The chapters of your book are titled “The Library as Myth,” “The Library as Space,” “The Library as Power,” or as an island, as a workshop, as a home, etc. But how would you personally define a library with a single word?

I suppose that if I had to define a library in a single word that word would be memory. Libraries are the repositories of our collective and individual experience, a monument against oblivion.

What in your view determines the value of a library, its contents, its volumes or the rarity of its treasures?

The value of a library, like its beauty, is in the eye of its reader.

You mention in your book that “if every library is in some sense a reflection of its reader, it is also an image of that which we are not and cannot be.” Is it possible to make an acquaintance with someone through his library?

Indeed, you can get to know someone through his library. I once suggested writing the biography of an unknown reader only by consulting the books in his or her library. What we choose or don’t choose, how we use our books, how we order them, how we treat them, what traces of ourselves we keep between their pages -- I think I could draw a portrait of someone through these clues.

Like Borges, do you imagine paradise as a library, too?

I don’t believe in the afterlife. Here and now, a library is paradise enough.

You have visited many libraries. Which impressed you most?

The library that most impressed me was Aby Warburg’s reconstructed library in Hamburg. It is elliptical in shape, so as not to have any corners that would artificially create sections or thematic boundaries, and it was organized according to the casual associations made by Warburg himself -- and which changed daily; a library in the image of its reader’s mind.
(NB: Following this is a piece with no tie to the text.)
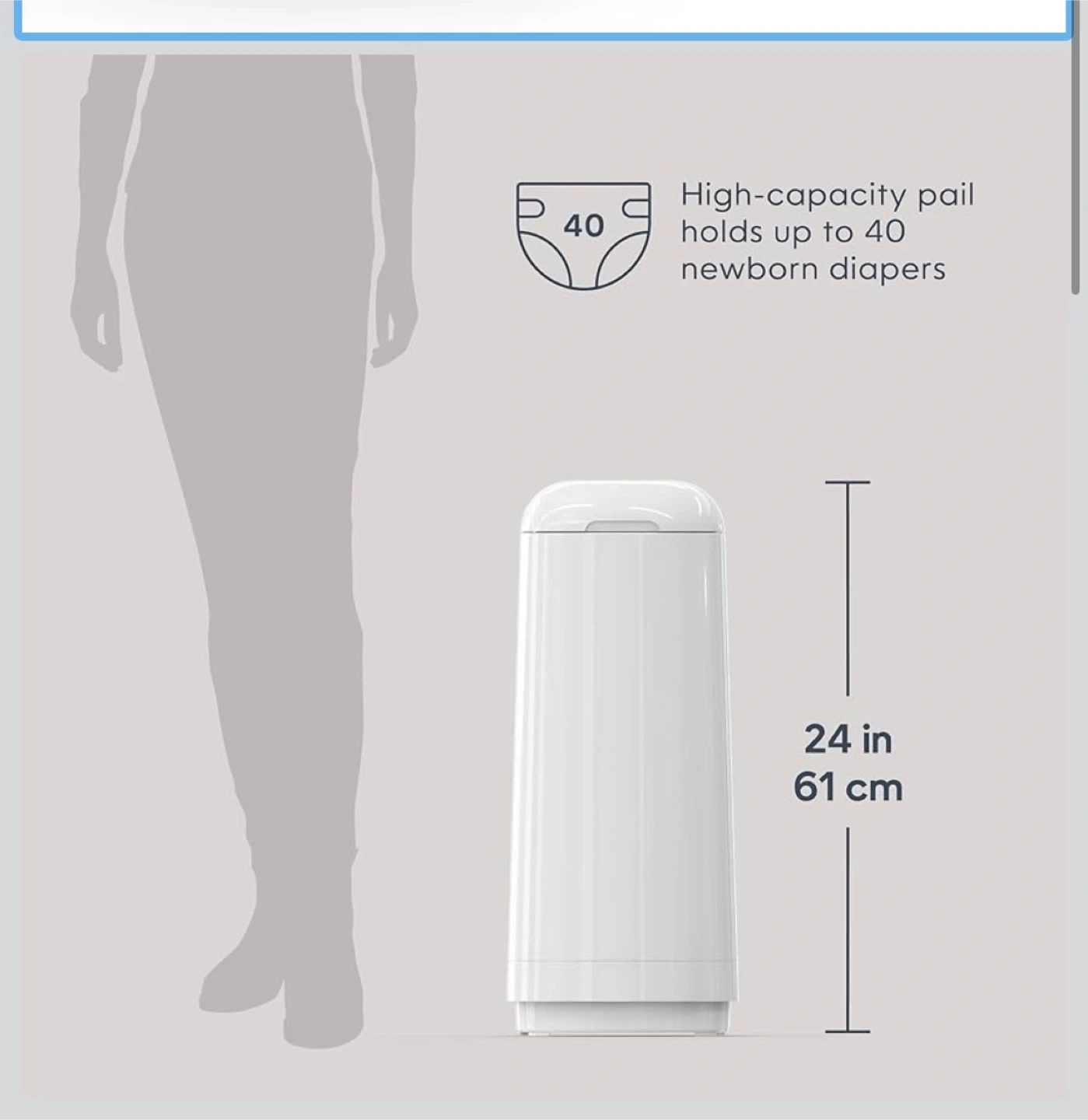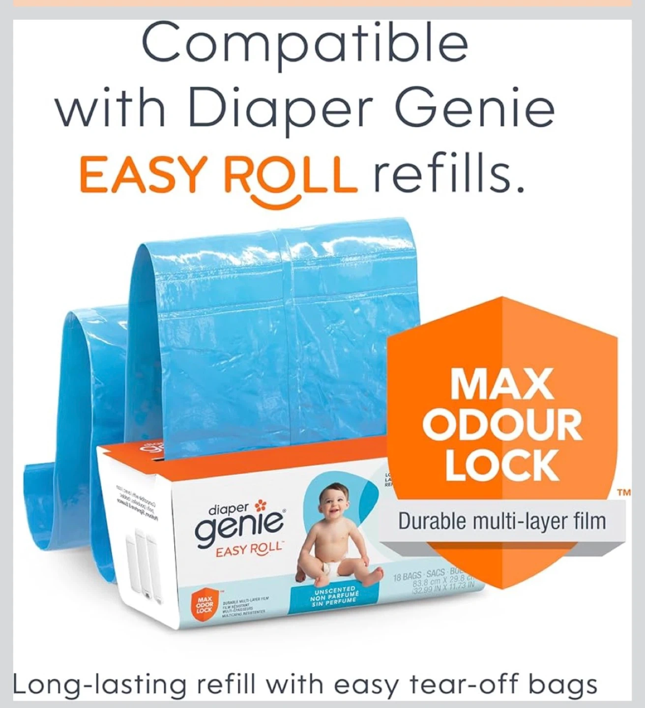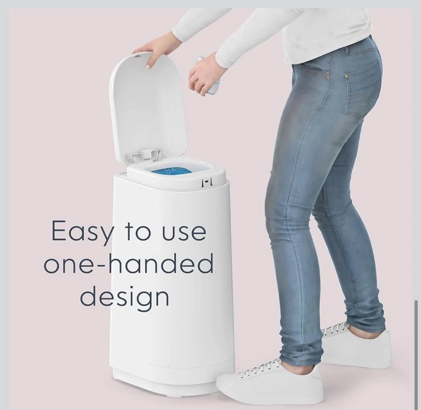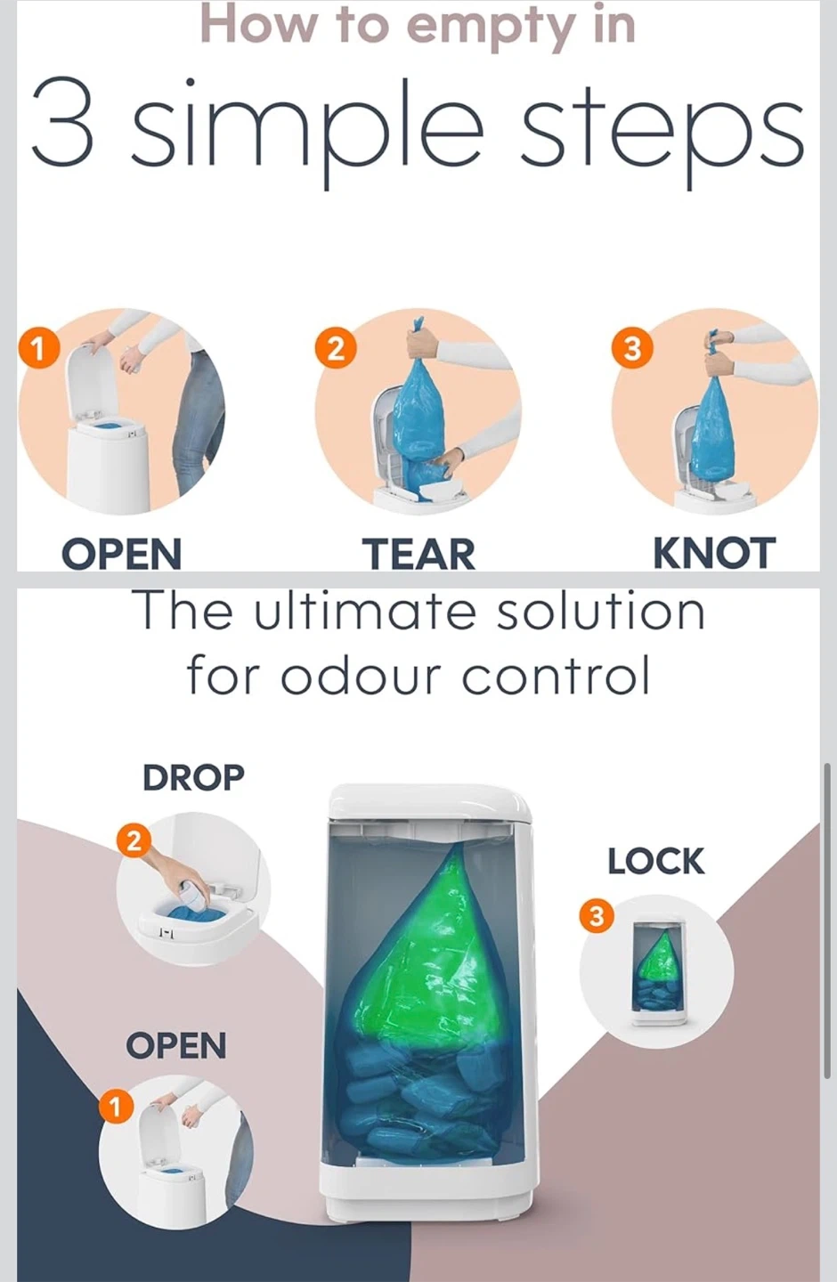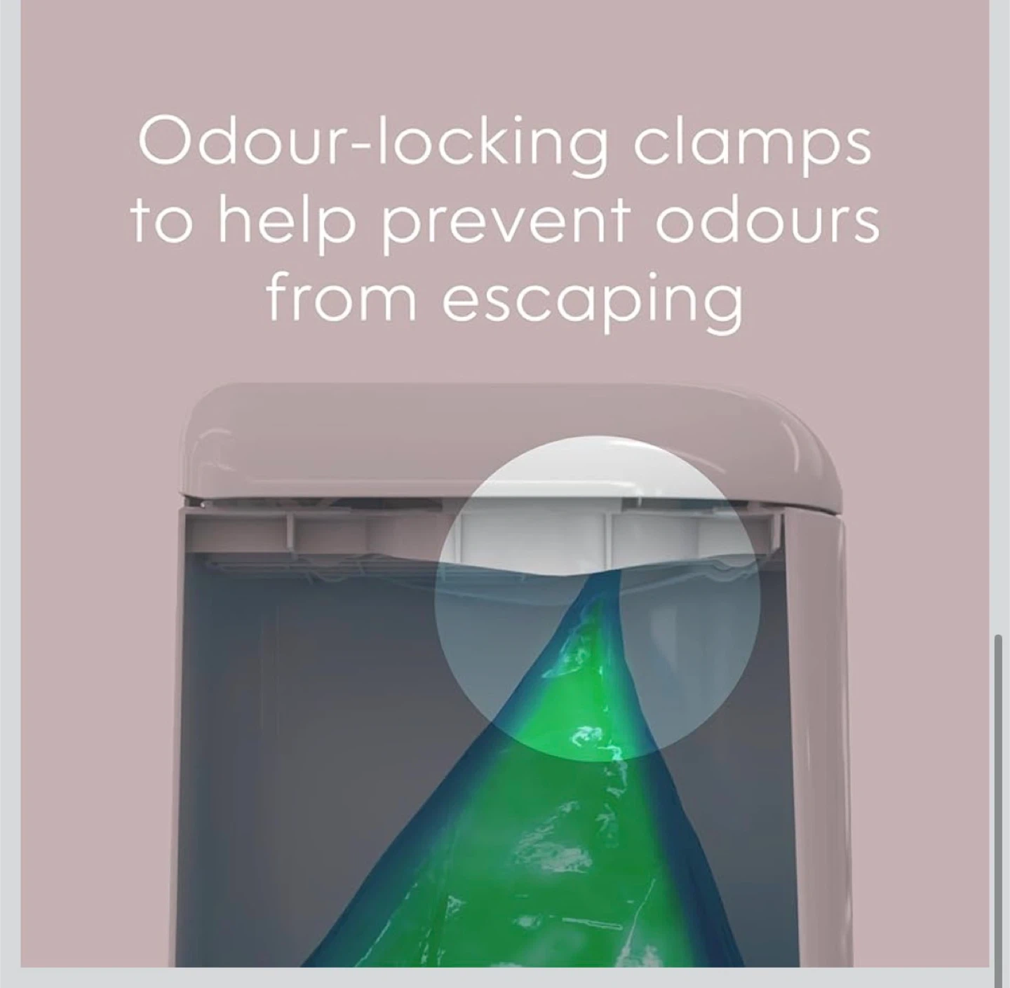 This BabySack diaper pail is white and includes one refill. It features an odour-locking clamp system to help prevent smells from escaping. The pail's high capacity holds up to 40 newborn diapers.

By saying, “our future paperless society,” you imply electronic technology threatens libraries. What do you think about the future of libraries? Are you optimistic?

I don’t think libraries or books are, in themselves, threatened. I think our intelligence is threatened. I think that we are in the midst of a worldwide intent to render us stupid so that we will be better consumers of economic and intellectual trash, whether it be fast food, pop literature or religious claptrap. I’m optimistic in the morning, pessimistic in the afternoon.

“To complete a library.” Is this a forlorn hope for mankind?

“To complete a library” is an impossible wish since, by definition, a library must always remain incomplete. A “complete” library is a dead library.

At the end of the book you thank a Turkish author, Enis Batur. What do you think about contemporary Turkish literature and poetry?

I was brought up on Nazım Hikmet’s poetry which, with that of Neruda and Ezra Pound, fed the imagination of my adolescence. A teacher of mine, fond of ancient narratives, introduced me to “The Book of Dede Korkut,” of which I now only remember the story of Prince Uruz taken prisoner and the strange epithets the characters use about each other, such as “Summit of my black mountain” or “Flood of my black river.” Then we read Yaşar Kemal and Orhan Kemal (I used to like the first better than the second; now, in my old age, I prefer the second to the first.) We also read the stories of Yakup Kadri Karaosmanoğlu and terrifyingly realistic ones of Sabahattin Ali, hesitatingly translated into Spanish. Other than Batur, in whose vast reading I find traces of my own and, of course, Orhan Pamuk, whom I started reading over a dozen years ago, I recently discovered a couple of women writers: Aslı Erdoğan, whose Brazilian adventure amused me (“La ville dont la cape est rouge”) and Latife Tekin, whose strange and haunting “Dear Shameless Death” I very much enjoyed.

You wrote “The History of Reading,” “Dictionary of Imaginary Places,” “Reading Pictures” and, in one sense, the history of libraries. What’s next?

I published this year a book on the relationship between who we think we are and the stories we tell in “The City of Words” and one on Homer, “The Iliad and the Odyssey: A Biography.” I just finished a novel, “All Men Are Liars,” which I wrote in Spanish instead of my mother tongue, English.